Lowering the Barr

The excoriation of Attorney General Barr at the congressional hearing was as low as politicians could go on the lack of humanity and civility scale. The Barr hearing was more like a Roman circus than a search for answers to important national issues. If this is what congress calls performing their duty under the Constitution, we are in for real trouble. Finger wagging, talking over, showboating, and developing soundbites for their reelections are not a search for truth.

It appears some congresspersons had been to a training session where they were told to call Attorney General Barr “Sir” as an expression of contempt, not respect. Chairman Nadler advised him that “our members expect sincere answers today and our country deserves no less.” However, unfriendly congresspersons continually asked questions in the form of statements and as Attorney General Barr began to respond, the congresspersons instantly interrupted him by “reclaiming their time.” To his credit, Attorney General Barr calmly responded, “but this is a hearing.
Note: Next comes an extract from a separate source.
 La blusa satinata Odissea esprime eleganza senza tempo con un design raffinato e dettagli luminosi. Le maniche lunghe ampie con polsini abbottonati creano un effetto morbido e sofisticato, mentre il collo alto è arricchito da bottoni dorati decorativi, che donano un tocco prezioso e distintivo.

I thought I was the one that was supposed to be heard.” Accusing someone of a crime and then gagging him officially crosses into Stalin’s henchman’s “show me the man and I’ll show you his crime” territory. 
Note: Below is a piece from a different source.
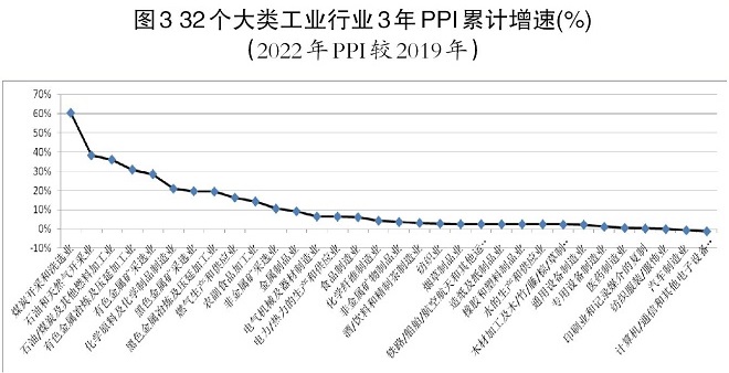 根據(jù)國際貨幣組織(IMF)能源、石油價(jià)格指數(shù)可確認(rèn),2019年能源價(jià)格指數(shù)算術(shù)平均值為129.02,石油價(jià)格指數(shù)算術(shù)平均值為142.5。而2000年1月—2022年9月,能源價(jià)格指數(shù)算術(shù)平均值為148.58,石油價(jià)格指標(biāo)算術(shù)平均值為137.75。據(jù)此判定2019年世界能源及石油價(jià)格處于歷史中檔水平,亦可判定2019年中國煤炭及石油價(jià)格處于相對(duì)合理區(qū)間。假定2019年1月—11月份各大類工業(yè)行業(yè)PPI為基值“1”,根據(jù)各大類工業(yè)行業(yè)各年P(guān)PI累計(jì)增速可推算出各大類工業(yè)行業(yè)2022年P(guān)PI較2019年增速(簡稱3年P(guān)PI累計(jì)增速,見圖3),并據(jù)此判定非常態(tài)年份(2020—2022年)中國工業(yè)PPI的結(jié)構(gòu)性變化。

Two moments sank to a new low. Referring to Attorney General Barr’s kind words about the recently departed John Lewis, Rep. Cedric Richmond obnoxiously declared, “you should [sic] really should keep the name of the honorable John Lewis out of the Department of Justice’s mouth.” Descending into the realm of subhumans, Chairman Nadler refused to grant Attorney General Barr a 5 minute break after hours of grilling. Refusing someone a (likely bathroom) break is a tactic straight out of enhanced interrogation techniques for dummies. 

The next day, during a congressional hearing on anti-competitive activities, the four “Big Tech” CEOs of Amazon, Apple, Facebook, and Alphabet (Google) were treated with kid gloves by all but a few congresspersons. Perhaps to protect a large source of campaign donations, denials of bias were allowed to go unchallenged despite evidence to the contrary.
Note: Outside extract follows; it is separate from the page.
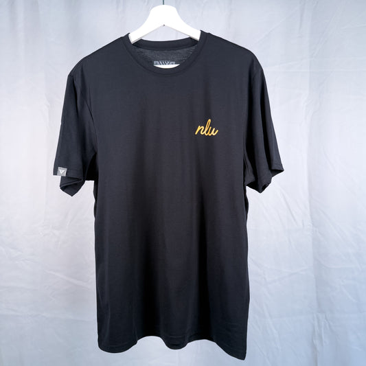 NLU x Levelwear Script Initial Richmond T-shirt | Black w/ Mustard

 Concurrently, physicians trying to save their patients’ lives are being “cancelled.” YouTube removed as “misinformation” videos of the physicians who advocated for the use of hydroxychloroquine for early treatment of COVID-19, based on their extensive personal as well as international treatment successes. Hydroxychloroquine is an FDA-approved medication with a 65 year history of safety—not morning glory seeds. 

With all the garbage on Twitter, the removal of the physicians’ video based on the justification that it did not comport with World Health Organization (WHO) recommendations seems extreme. Recall that WHO also did not recommend wearing masks, the new Holy Grail of COVID-19 prevention. And are we to believe the same crowd who excoriated President Trump as racist for blocking travel from China at the end of January while they were encouraging people to frolic in crowded Chinatown in late February

Let’s look at a couple of examples of accepted medical tenets that were initially dismissed. Dr. Ignaz Semmelweis, a Hungarian physician, famously was ridiculed for advocating handwashing after performing autopsies before touching living patients. In less than 6 months after handwashing was instituted, post-partum (childbirth) fever mortality rates dropped 90 percent, from 18.3 percent to less than 2 percent. Despite the evidence, he was vilified and eventually was admitted against his will to an insane asylum where he died 2 weeks after being severely beaten. Now, failure to wash hands is unthinkable.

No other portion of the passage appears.